__Your objective__
Please transcribe the data below in full. Omit any picture you find in it.

__Material provided__

<<<<

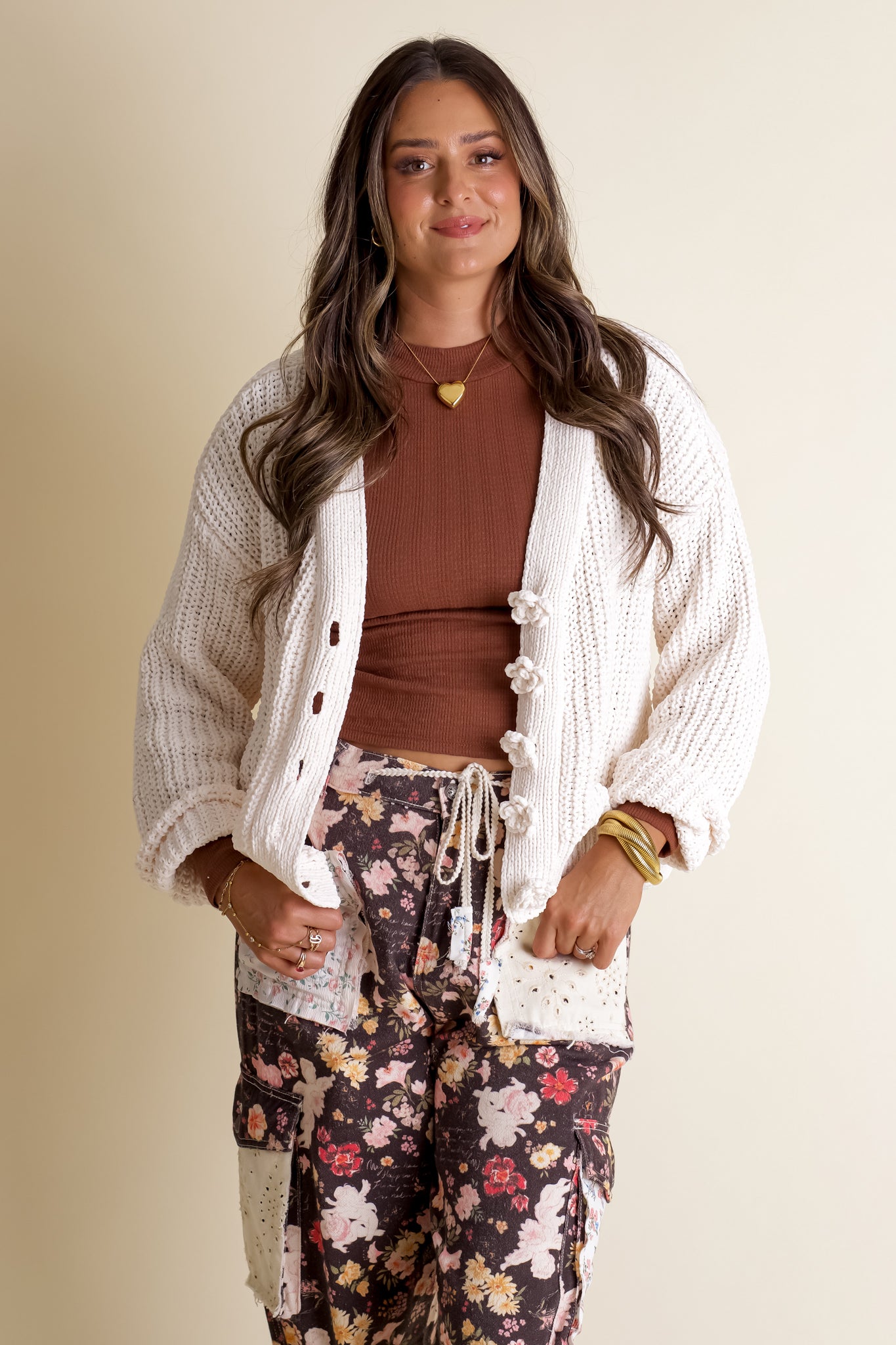 Wrap yourself in warmth and whimsy with the Forever Mine Button Front Cardigan. This cozy ivory chenille beauty features charming chenille flower buttons and breezy dolman sleeves for effortless style. Its relaxed fit makes it perfect for layering on chilly days while keeping you comfy and cute. Limited stock and available in sizes small through large!
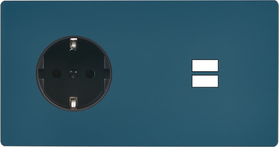 Façade "M" en aluminium finition Bleu Gris Mat double horizontale, 1 prise Schuko / 1 chargeur USB. Façade magnétique. Fabriquée en France.
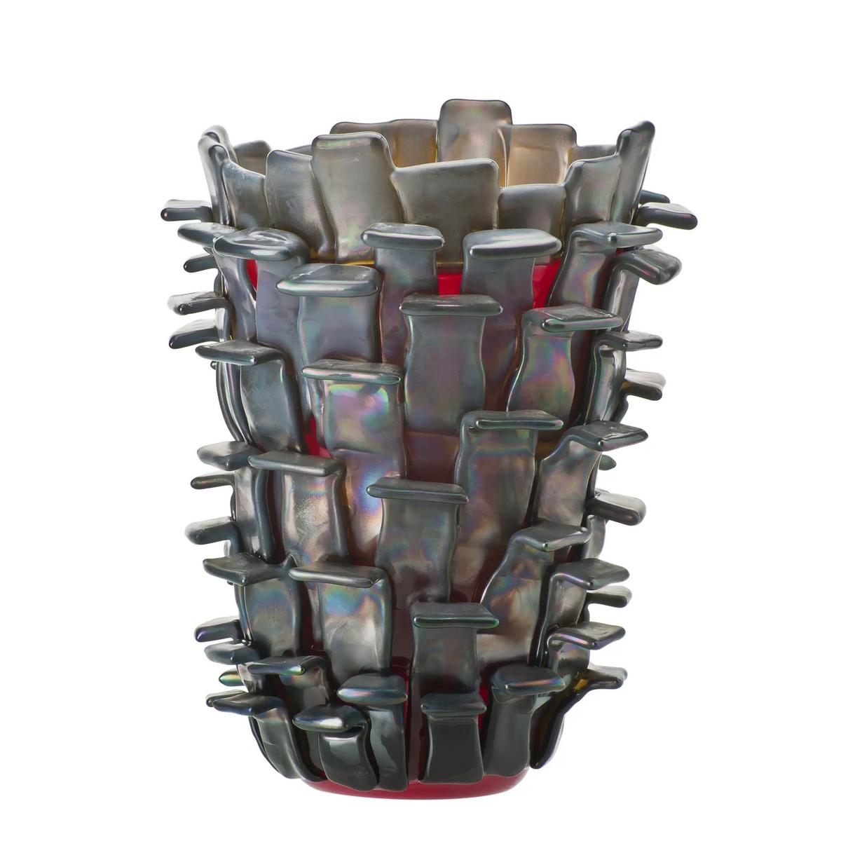 The "Ritagli" vases were designed by Fulvio Bianconi, one of the most innovative and influential Italian designers of glass objects of the 20th century. He also devised the manufacturing technique, in which rectangular glass plates are attached piece by piece to a mouth-blown, conical base. Depending on the colourway, the base and plates have different colours and iridescent surfaces that amplify the mystical elegance of the vases with their colourful shimmer.

>>>>

__Answer for this exercise__
 Wrap yourself in warmth and whimsy with the Forever Mine Button Front Cardigan. This cozy ivory chenille beauty features charming chenille flower buttons and breezy dolman sleeves for effortless style. Its relaxed fit makes it perfect for layering on chilly days while keeping you comfy and cute. Limited stock and available in sizes small through large!
 Façade "M" en aluminium finition Bleu Gris Mat double horizontale, 1 prise Schuko / 1 chargeur USB. Façade magnétique. Fabriquée en France.
 The "Ritagli" vases were designed by Fulvio Bianconi, one of the most innovative and influential Italian designers of glass objects of the 20th century. He also devised the manufacturing technique, in which rectangular glass plates are attached piece by piece to a mouth-blown, conical base. Depending on the colourway, the base and plates have different colours and iridescent surfaces that amplify the mystical elegance of the vases with their colourful shimmer.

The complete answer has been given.